**WHAT YOU SHOULD DO:**
Everything from the "12月23日,9499www" line to the final line of the listing should be written out exactly. Skip the pictures.

══ COLLECTED DATA ══

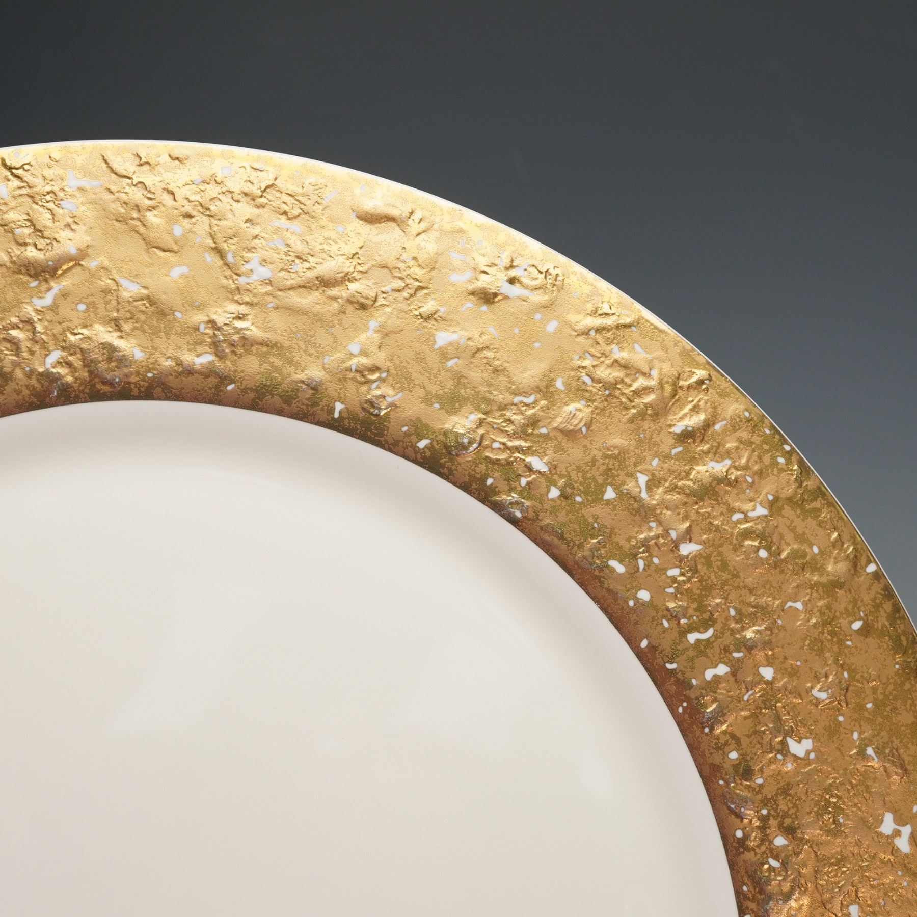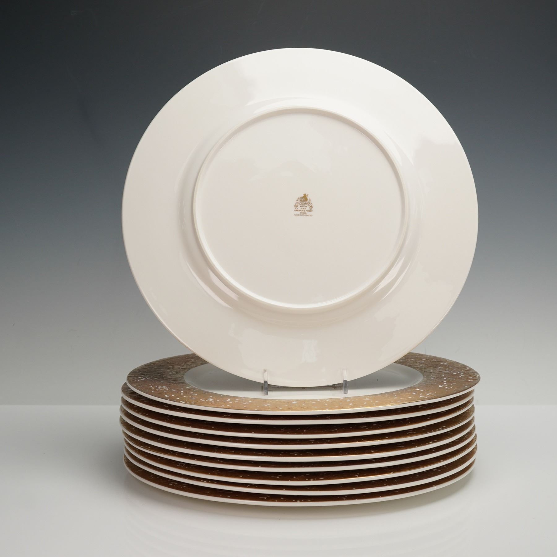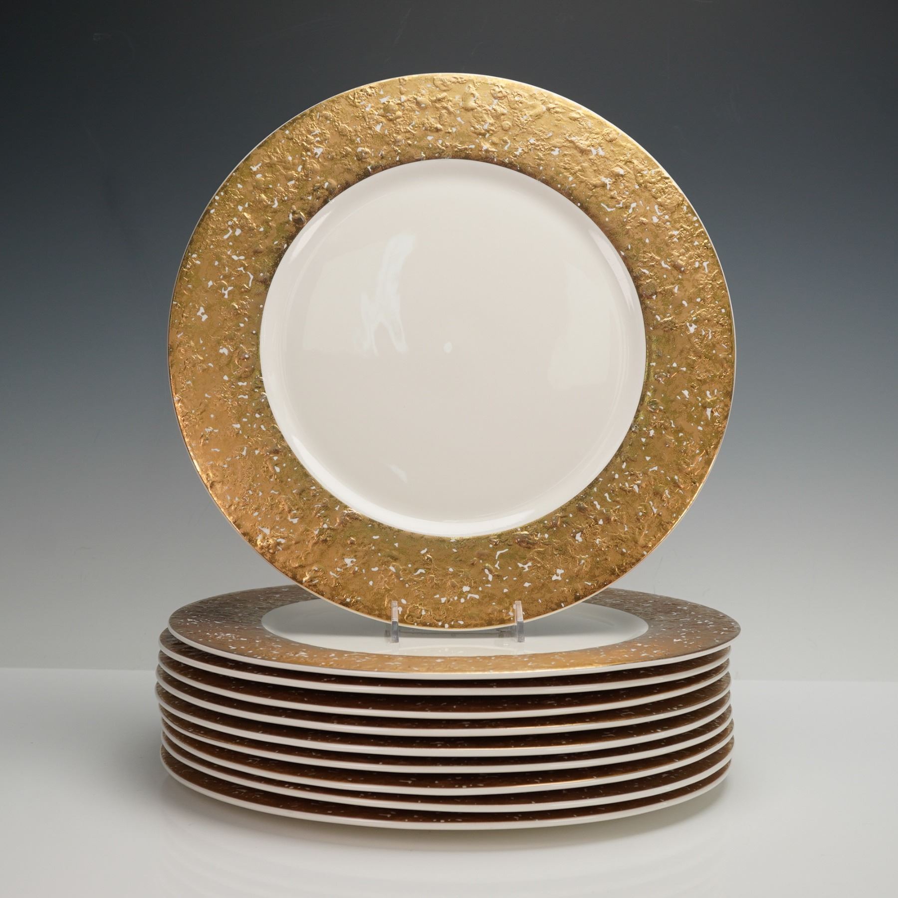 A set of ten round charger plates with wide gilded borders featuring an irregular textured pattern in gold and white. Each piece has a smooth white center that contrasts with the metallic rim. Pickard backstamp.
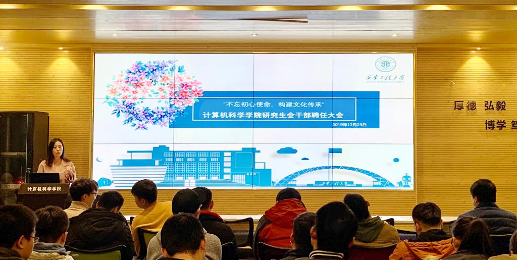 12月23日,9499www威尼斯在7-613学术报告厅召开“不忘初心使命、构建研会文化”研究生会干部聘任大会。学院党委书记王雅慧、院长薛涛、党委副书记周波、副院长陈金广、陈亮、学工办主任朱瑾、团总支书记朱成功、辅导员张鑫、薛绍凡及团学科组织代表出席了此次大会。会议由研究生辅导员程帅主持。
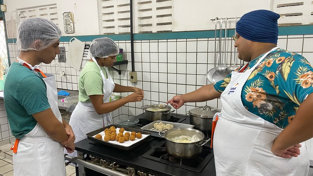 nata e bolinhos de jerimum, além de técnicas de corte, cocção e finalização.
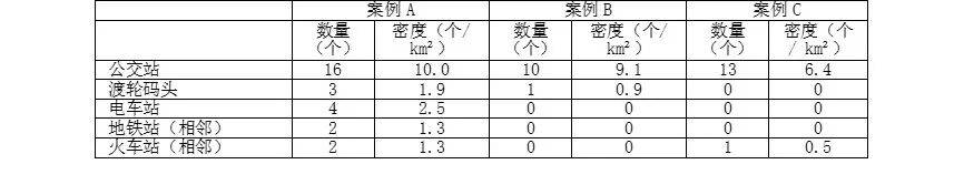 3个案例都充分利用自身的地理区位及场地特点,提供多元化的公共交通方式和便捷可达的站点服务来支持住区的绿色出行(图3=▪■,表2)。

═══

**ANSWER TO THIS TASK:**
 12月23日,9499www威尼斯在7-613学术报告厅召开“不忘初心使命、构建研会文化”研究生会干部聘任大会。学院党委书记王雅慧、院长薛涛、党委副书记周波、副院长陈金广、陈亮、学工办主任朱瑾、团总支书记朱成功、辅导员张鑫、薛绍凡及团学科组织代表出席了此次大会。会议由研究生辅导员程帅主持。
 nata e bolinhos de jerimum, além de técnicas de corte, cocção e finalização.
 3个案例都充分利用自身的地理区位及场地特点,提供多元化的公共交通方式和便捷可达的站点服务来支持住区的绿色出行(图3=▪■,表2)。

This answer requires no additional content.